Jusqu'à présent, la liste de ces outils de découverte agréés par IBM incluait :

  • IBM License Metric Tool (ILMT) 7.5 et 9.x
  • Tivoli Asset Discovery for Distributed (TAD4D) 7.5
  • IBM BigFix Inventory (BFI) 9.x

Toutefois, à partir d'avril 2017, ILMT 7.5 ne sera plus considéré comme acceptable pour la création de rapports de sous-capacité. IBM demande à ses clients de mettre à niveaux leurs anciennes instances ILMT 7.5 vers la nouvelle version 9.x. De plus, TAD4D sera en fin de vie en avril 2017 et remplacé par son successeur BFI, ce qui laissera de fait ILMT 9.x et BFI 9.x comme les seules options acceptées par IBM pour la création de rapports de sous-capacité.

Conseil : Auparavant, on pouvait obtenir l'accord d'utilisation d'un outil de découverte d'un fournisseur tiers à la place d'ILMT. Par exemple, en signant un billet de modification Passport Advantage indiquant que l'outil que vous utilisez « doit être à tout moment fonctionnellement équivalent à la version la plus récente d'ILMT […]. » C'est un bon moment pour vérifier si c'est toujours le cas, car IBM élève encore le niveau avec chaque nouvelle version de BigFix. Toute non-conformité pourrait se traduire par une perte coûteuse du droit d'octroi de licences en sous-capacité.

Si la migration de vos données et l'installation de nouveaux agents ressemblent à une corvée, il existe en fait de nombreux avantages liés à la mise à niveau vers ILMT ou BFI 9.x.

Alors, quoi de neuf ? ILMT 9.x est un outil radicalement nouveau, qui reste l'option gratuite pour la création de rapports de sous-capacité. Basé sur la même technologie BigFix que la technologie plus souple sur laquelle son frère BFI est basé (avec une étiquette de prix).

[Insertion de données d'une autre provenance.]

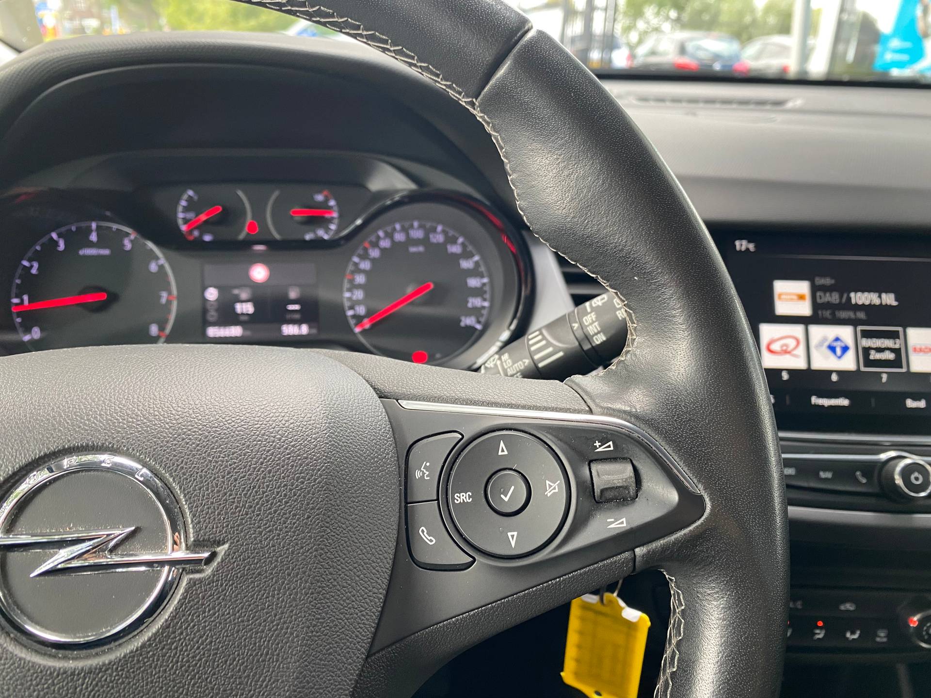Opel is al meer dan 120 jaar een van de populairste en succesvolste merken op de markt. En niet voor niets. In deze auto vindt u een benzinemotor en een handgeschakelde zesversnellingsbak. U wordt in deze auto ook getrakteerd op LED koplampen en in delen neerklapbare achterbank. Met een gerust hart achteruitrijden? Dat kan, dankzij de achteruitrijcamera. Als u regelmatig met een aanhanger of een fietsendrager op pad bent, is de afneembare trekhaak een praktische extra. Kies de muziek waarvan u houdt, dankzij de DAB-radio klinkt het altijd geweldig. Intussen bedient u het audiosysteem en het navigatiesysteem met de knoppen op het stuur. Cruise control is aanwezig; prettig voor de lange einden. Het hele jaar door zorgt airconditioning voor een prettige temperatuur. Deze Opel is voorzien van automatisch dimmende binnenspiegel, lederen stuur en boordcomputer. Geavanceerde technische systemen houden tijdens elke rit het verkeer in de gaten en reageren op potentieel gevaarlijke situaties. De camera van de verkeersborddetectie herkent verschillende soorten verkeersborden en toont deze op het dashboard. Het Lane-keeping systeem zorgt voor een automatisch constante positie binnen de rijstrook. Afdwalen is uitgesloten.

Voici certaines des nouvelles fonctionnalités les plus importantes :

  • des rapports plus détaillés et configurables
  • historique d'audit, avec accès illimité aux données historiques
  • performances améliorées
  • vastes capacités de découverte, y compris le regroupement personnalisé et l'assistance des logiciels exécutés dans les nuages publics
  • une nouvelle API REST, pour faciliter l'intégration automatisée à vos outils existants

Accélérez les économies pour vos licences IBM

Si ILMT et BFI sont parfaits pour suivre l'octroi de licences en sous-capacité, ils ne disposent pas de fonctionnalités de surveillance de la conformité, d'optimisation de licence et de simulation.

C'est là qu'Aspera SmartTrack entre en jeu. SmartTrack inclut un connecteur prêt à l'emploi qui se connecte directement à la nouvelle API REST d'ILMT et de BFI 9.x. Cette connexion cruciale extrait automatiquement les valeurs PVU agréées par IBM. Ces valeurs sont ensuite placées directement dans le rapport de conformité de SmartTrack, en comparant le nombre de licences PVU nécessaires au nombre de licences IBM que vous avez achetées. SmartTrack fonctionne donc « comme un agrégateur de données d'inventaire provenant d'ILMT ou de BigFix Inventory », tel que recommandé par IBM.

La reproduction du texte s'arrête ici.